- UTF-8, XML, ASCII
- , 2018 Release:
The SPECIALIST lexicon is a large syntactic lexicon of biomedical and general English, designed/developed to provide the lexical information needed for the SPECIALIST Natural Language Processing System (NLP) which includes SemRep, MetaMap, and the Lexical Tools. It is intended to be a general English lexicon that includes many biomedical terms. Coverage includes both commonly occurring English words and biomedical vocabulary from a variety of sources. These include (not limited to) MEDLINE citation records, terms in the Dorland's Illustrated Medical dictionary, the 10,000 most frequent words listed in the American Heritage Word Frequency book and the 2,000 lexical items used in the controlled definitions of Longman's Dictionary of Contemporary English. The lexicon entry for each lexical item (word or term) records the syntactic, morphological (inflection and derivation), and orthographic (spelling variants) information needed by the SPECIALIST NLP System.

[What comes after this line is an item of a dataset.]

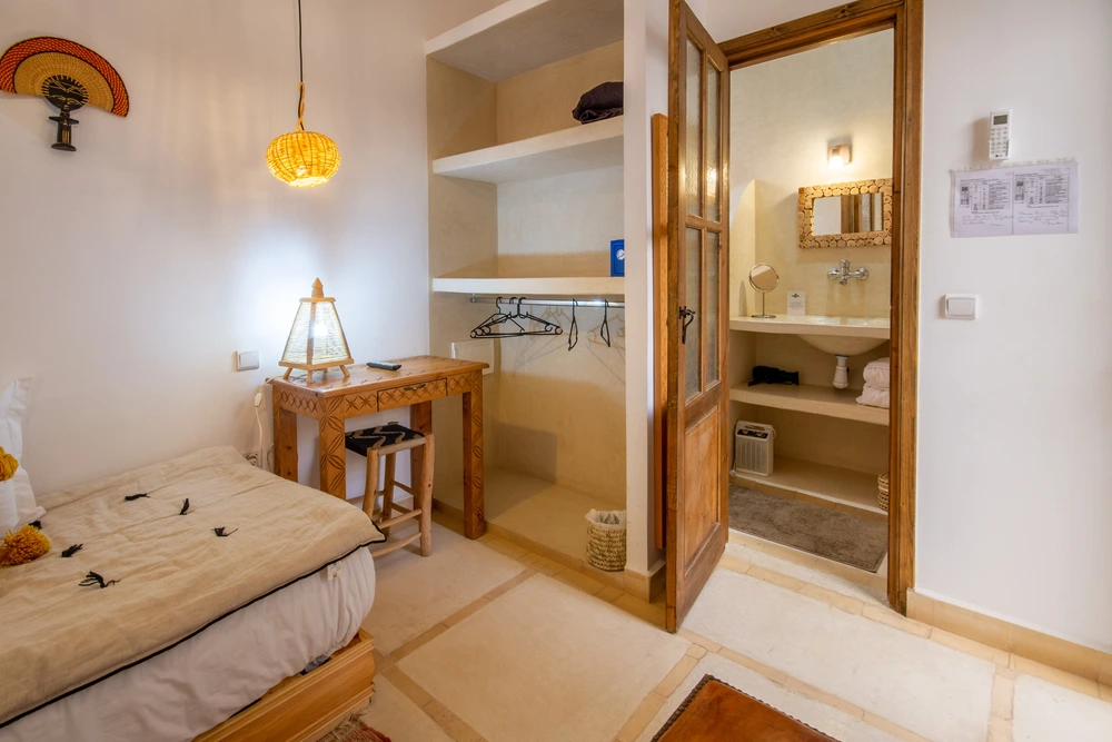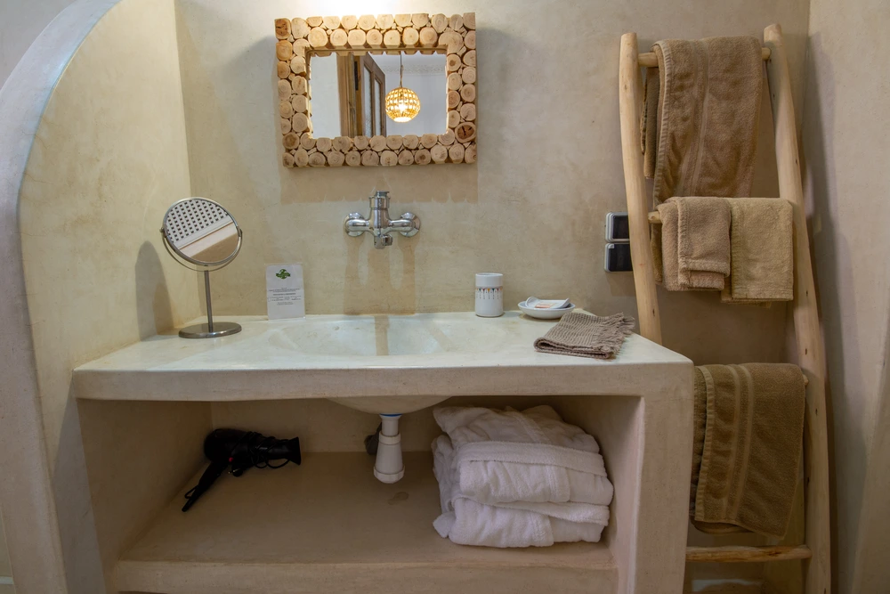 La salle de bain privée est réalisée en tadelakt de couleur naturelle. Elle est équipée d’une douche, d’un lavabo et de toilettes, alliant simplicité et charme traditionnel.

The SPECIALIST LEXICON (unit lexical record formatted file) along with relational files are released annually as one of the UMLS Knowledge Sources since 1994. In addition to its distribution with the UMLS, it is available as an open source resource subject to these terms and conditions. The XML format of unit lexical record was first available in 2003 through LexAccess. In 2006, XML schemas and JAXB (Java Architecture XML Binding) APIs are released. In addition, all files are released in UTF-8 format. In 2009, a pure ASCII file, LEXICON.ascii, is added to the annual release for NLP projects interests only in ASCII. In 2013, all derivations in Lexicon (including zeroD, suffixD, and prefixD) along with negation information are added to annual release (derivation.data, DM.DB) by a systematic methodology. In 2017, a new system is developed to add all synonymous terms in the Lexicon (lexSynonyms) to the synonym database file (SM.DB).